Inventories of goods at U.S. wholesalers unexpectedly fell 0.2 percent in May, the second decline this year – and a sign that businesses underestimated a recent rebound in consumer spending.

“We’ve gone through a substantial inventory correction, and overall, we’re in a much better balance between inventories and sales,” said Scott Brown, an economist at Raymond James & Associates in St. Petersburg.

The decline in wholesale inventories in May follows a revised 1.2 percent increase in April, Commerce Department figures showed Tuesday. Initially, the government reported on June 7 that inventories increased 1.3 percent during April.

Wholesale sales, meanwhile, showed no change in May after rising 1.1 percent during April.

“Inventory investment is still subdued,” said Carl Palash, chief economist at MCM MoneyWatch in New York. “There’s certainly no sign of it ballooning.”

Wholesalers’ inventories of big-ticket items such as furniture, lumber and electrical products accounted for much of the decline in May. Wholesale auto inventories showed no change from a month earlier. However, inventories of non-durable goods such as groceries and beer increased.

The Commerce Department also reported that the wholesale stock-to-sales ratio, which measures the number of months goods sit at wholesalers, held steady at 1.31 during May.

Financial markets ignored the report.

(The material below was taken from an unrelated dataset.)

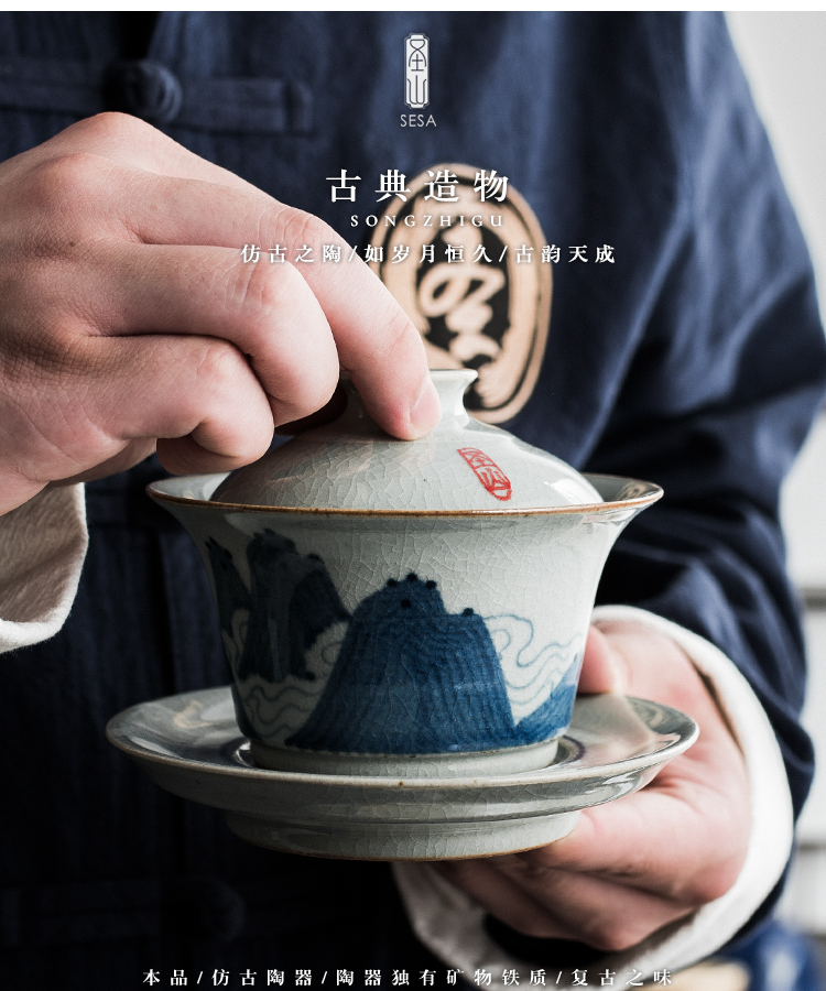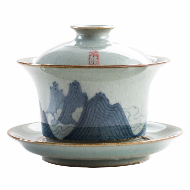 Antique hand-painted blue-painted blue-shaped bowl of antique hand-drawn blue-bowl bowl of blue-cloth upscale bowl (please note)A bowl of high-end two cups (holy mountain style)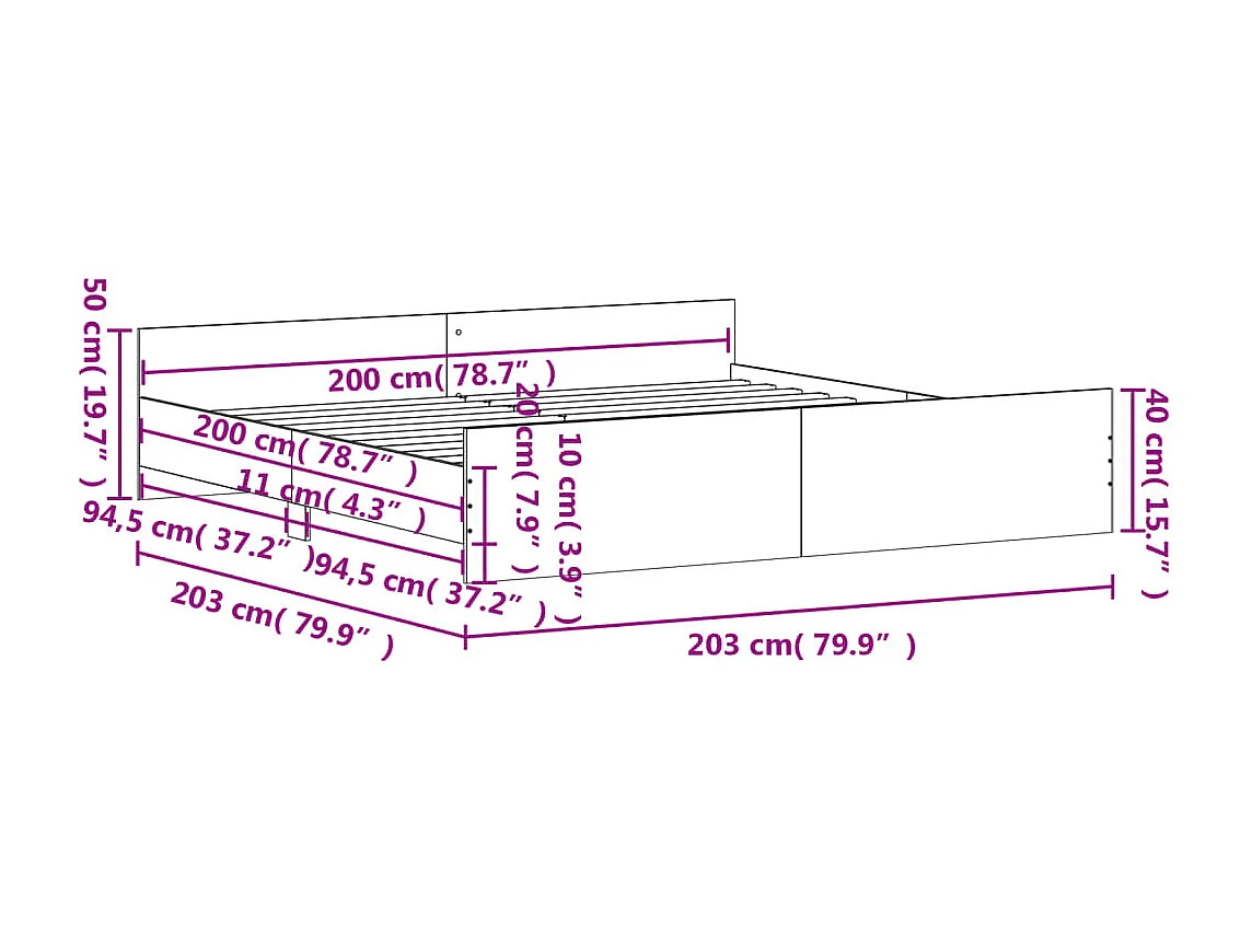 Cadre de lit tête de lit et pied de lit sonoma gris 200x200

The Treasury’s benchmark 30-year bond, little changed most of the day, advanced after the Treasury sold $10 billion in 10-year notes at an average yield of 7.016 percent. Bidding was healthy.

Government bonds climbed 13/32, pushing the yield down almost 4 basis points to 7.14 percent. Stocks were also higher with the Dow Jones industrial average rising 31.03 to 5,581.86 amid hopes of strong corporate profits.